Simulate dispersion of checkerboard-patterned ATP

We apply our established hydrodynamic model to simulate how the initially checkerboard-patterned ATP disperses in active fluid and inactive fluid (Fig. 8). In this exploration, we use the same equations for \({{{{{\bf{Q}}}}}}\), \({{{{{\bf{u}}}}}}\) and \(C\) (Eqs. (69)), along with their initial and boundary conditions, except that \(C\) is initialized in a checkerboard pattern in a 45 × 45 simulation box.
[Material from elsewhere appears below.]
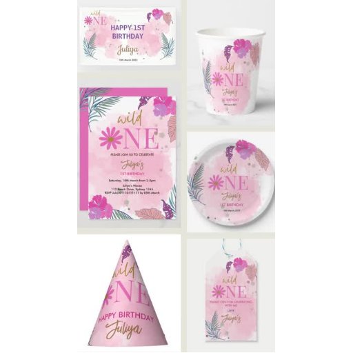 fleur sauvage feuille tropicale bébé fille 1st Birthday Banner est un joli design de couleur rose pour les petites filles

We use two different checkerboard patterns for different trials. One has the \({xy}\)-axis origin in the center of a grid square:

$$C\left(x,\,y,\,t=0\right)={C}_{0}\,\mbox{mod}\left\{\mbox{mod}\left[{{\mbox{ceil}}}\left(\frac{{x}^{*}}{{a}^{*}}-0.5\right),\,2\right]+\mbox{mod}\left[{{\mbox{ceil}}}\left(\frac{{y}^{*}}{{a}^{*}}-0.5\right),\,2\right]+1,\,2\right\},$$
(11)

where \({C}_{0}=\) 5 mM is the initial ATP concentration, \({a}^{*}\) represents the dimensionless grid size of the checkerboard pattern, \(\mbox{mod}(i,j)\) represents the remainder of \(i\) divided by \(j\), and \({{\mbox{ceil}}}\left(x\right)\) represents the rounding of \(x\) toward positive infinity (e.g., Fig. 8a with \({a}^{*}=\) 22). The other checkerboard pattern has the \({xy}\)-axis origin at a vertex of the grid:

$$C\left(x,\,y,\,t=0\right)={C}_{0}\,\mbox{mod}\left\{\mbox{mod}\left[{{\mbox{ceil}}}\left(\frac{{x}^{*}}{{a}^{*}}\right),\,2\right]+\mbox{mod}\left[{{\mbox{ceil}}}\left(\frac{{y}^{*}}{{a}^{*}}\right),\,2\right]+1,\,2\right\}.$$
(12)

The simulation is performed for the dimensionless grid size \({a}^{*}\) ranging from 2 to 22 for both active (\({\alpha }^{*}=\) 25) and inactive (\({\alpha }^{*}=\) 0) systems (Fig. 8a). We analyze the corresponding mixing time (averaged over 2 trials) as a function of \({a}^{*}\) (Fig. 8b) to reveal how the \({a}^{*}\)-dependence of mixing times differs in active and inactive fluid systems.